In my case it might be relevant that I happen to be doing peak interpolation, so it's just occurred to me that my onsets can occur between/within frames when I audio test.
ok I've spent some quality time with this, and it is strangely not better - I have bad memories of investigating this already. Here is my favourite test file for novelty: alternating from a single sine to a pink noise at exactly 44100 samples in:
x = {Select.ar(LFPulse.ar(0.5,mul: 0.5, add: 0.5),[PinkNoise.ar(0.1),SinOsc.ar(110,mul: 0.2)])}.asBuffer(2)
x.play
then I run a combinatorics of settings, for pleasure, on both versions
(
~slices = Buffer.new(s);
Routine{
var wins = [4096, 1024,128];
var thresh = [0.45, 0.35, 0.01];
var ols = [2,4];
var filts = [1,5,9];
var kerns = [3,21,31];
wins.do{|win, i|
ols.do{|ol|
filts.do{|filt|
kerns.do{|kern|
FluidBufNoveltySlice.processBlocking(s, x, threshold: thresh[i], indices: ~slices, algorithm: 1, kernelSize: kern, filterSize: filt, windowSize: win, hopSize: win / ol);
s.sync;
"win % ol % filt % kern % = ".format(win,ol,filt,kern).post;
~slices.loadToFloatArray(action: {|slice|slice.asInteger.postln});
}
}
}
};
}.play
)
and I get different inadequate values between versions :) I'm sure @weefuzzy will have opinions, as one who investigated this too, and gazed for a lot of time at novelty curves.

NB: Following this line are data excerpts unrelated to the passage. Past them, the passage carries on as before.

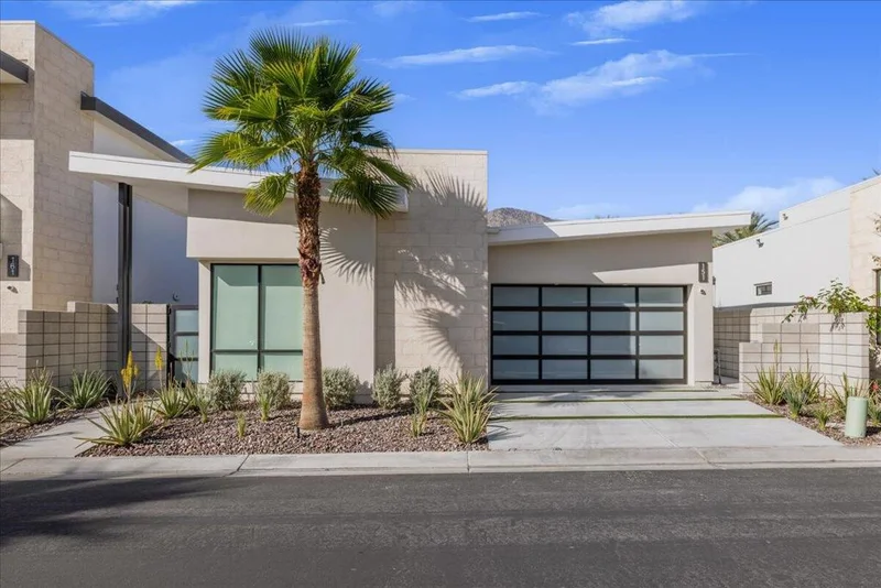 Iconic mid-century design meets modern luxury in The Vue, a gated enclave in the heart of central Palm Springs. Completed in 2023, this single-story architectural residence offers refined design, seamless indoor-outdoor living, and timeless desert appeal. The home's striking butterfly roof sets the tone, while an open-concept layout is flooded with natural light from expansive clerestory windows. Thoughtfully designed for both entertaining and everyday comfort, the residence features 2 spacious bedrooms, 2.5 bathrooms, and a versatile office/den.The chef's kitchen commands attention with premium Thermador appliances, quartz countertops, and a dramatic waterfall island, flowing effortlessly into the living area for a clean, contemporary aesthetic. Dual multi-slide glass doors open to a private backyard retreat with a covered patio ideal for dining and relaxation. A south-facing cocktail pool with Pebble Tec finish and three cascading waterfalls delivers a true resort-style experience, complemented by stunning views of the San Jacinto Mountains. Notable upgrades include built-in speakers with Sonos system, custom electric blinds throughout, a hardwired alarm system, and owned solar panels, blending luxury with energy efficiency. Just minutes from Palm Springs' top restaurants, shopping, and iconic hotels, this is a rare opportunity to own a nearly new architectural home in one of the city's most desirable locations.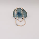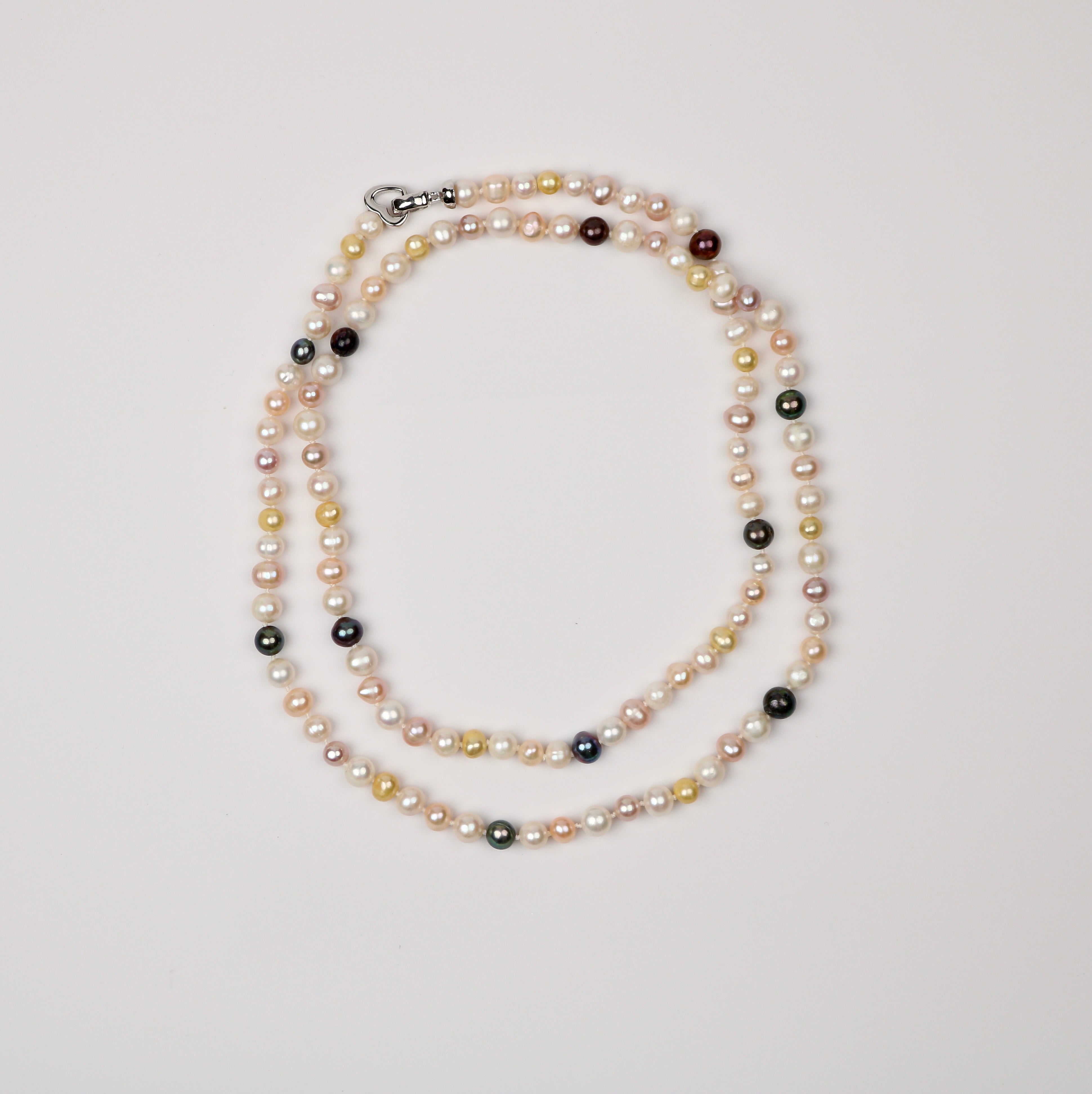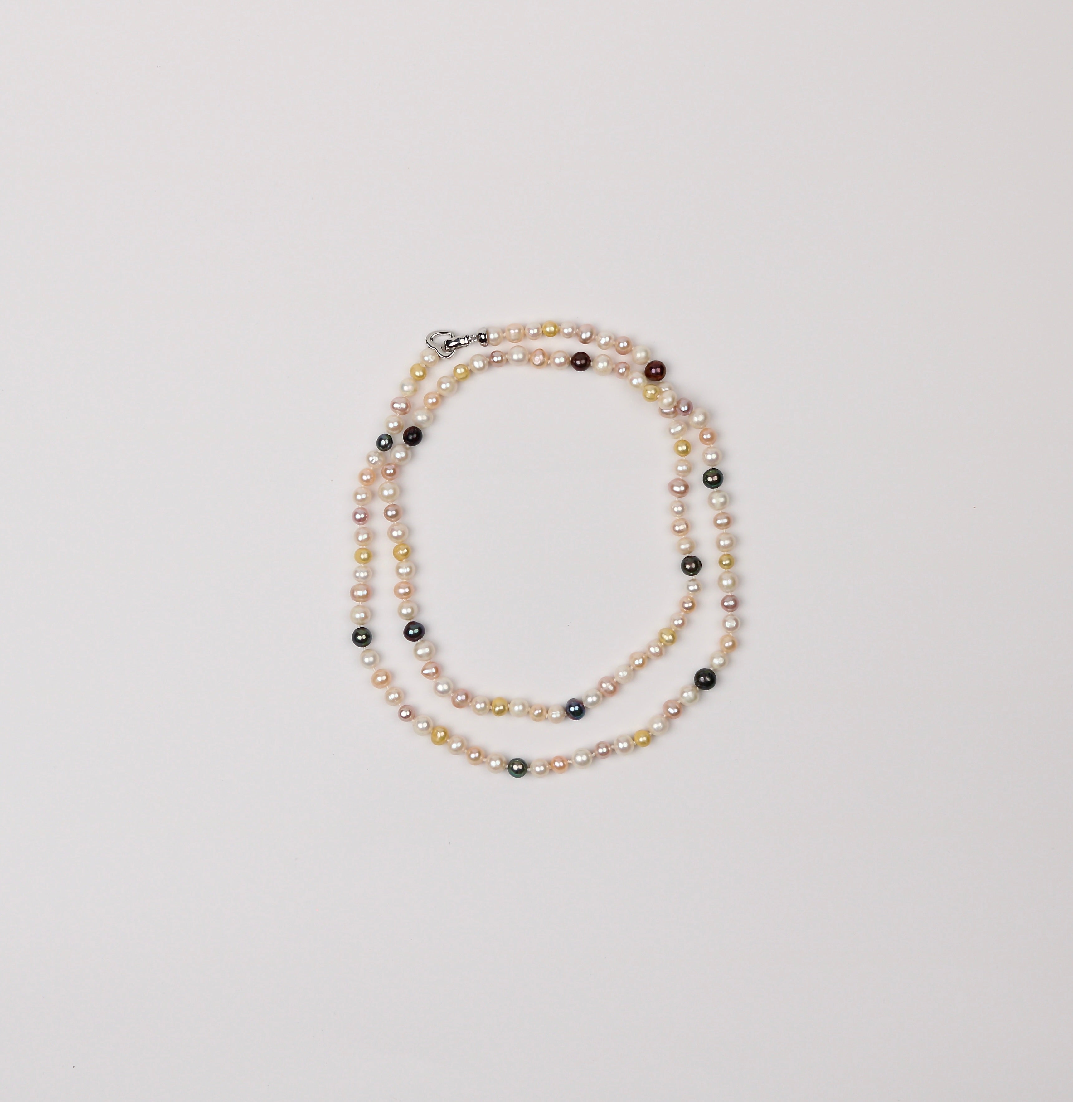 A gentle harmony of color and light, this necklace feels like a quiet conversation between pearls gathered from different moments in nature. Soft blush, creamy ivory, warm gold, and deep charcoal tones flow together in an effortless rhythm, each pearl adding its own whisper of character. Hand-knotted for fluid movement and lasting grace, the strand drapes beautifully along the neckline, offering understated elegance that transitions seamlessly from everyday wear to special occasions. Finished with a sterling silver clasp, this piece is both timeless and expressive—an ode to natural variation and refined craftsmanship.
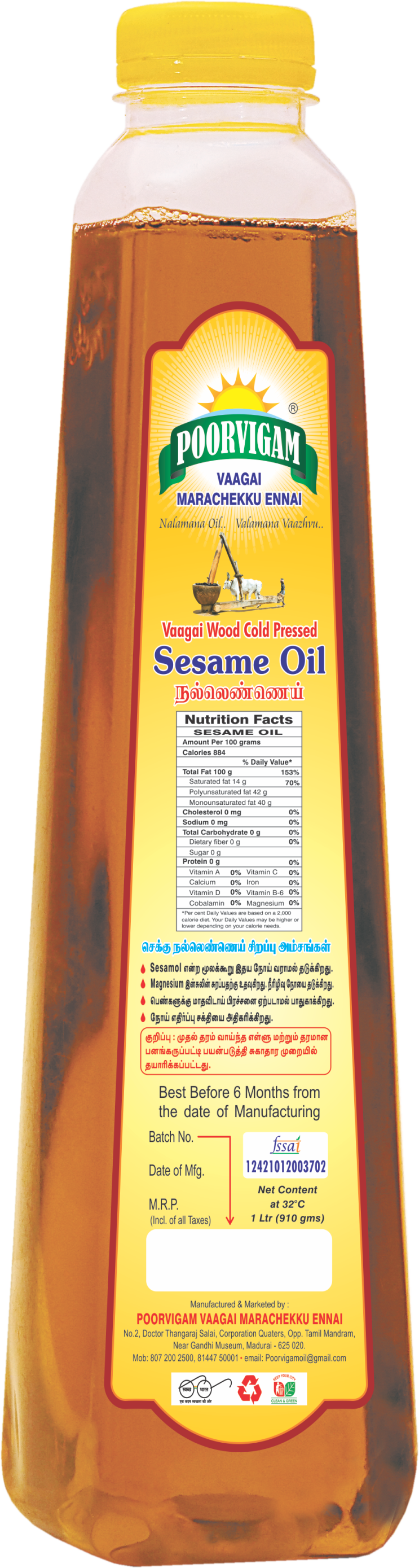 Poorvigam Cold Pressed Sesame Oil (1 LTR)

One question: why is the latency different in the PR between the slicer and the curve? I was under the impression that we were aligned...
anyway, send along thoughts and test files and we can continue this adventurous discussion.
It's a bit vague to talk about "different inadequate versions" - the slicer can only find slices on hops, so there is an inevitable inaccuracy in the found slices - the questions for me are:
On the second of these I am fairly confident that my work in this thread identified a conceptual error in the original value chosen and I can run through that on a call or similar, but having described it in written form above in a variety of possibly hard to follow ways, I don't think giving that another go is likely to be that useful so I'd prefer a realtime discussion to go through that.
why is the latency different between slicer and the curve (I presume here you mean feature - not sure if the naming convention has now changed or that is a historical naming)?
That is addressed above:
"the novelty slice has a peak finder that requires a one hop lookahead, so they should probably (to my mind) be different"
The use of quotes relates to the fact that we would need to agree on a model of how these control data objects timings should relate to the input stream and it is possible that that model is different between me and others.
In addressing #148 I have suffered some issues regarding alignment of my results (with two objects) and the original novelty feature object:
I am not yet 100% sure if I think that the model for latency is incorrect in these objects, but I suspect that it may be. My reading for an onset/novelty or similar is that it should be tagged at the start of the comparable window, but right now I think what will be happening is that it is reported at the end of that window. For Mel bands or mfccs the timing is set to the start of the frame. I can't easily force my results to align for consistency as I don't know the window settings by the time the data reaches my object, but it seems to me that doing mfccs externally and then doing a novelty feature should align with doing it all in one object.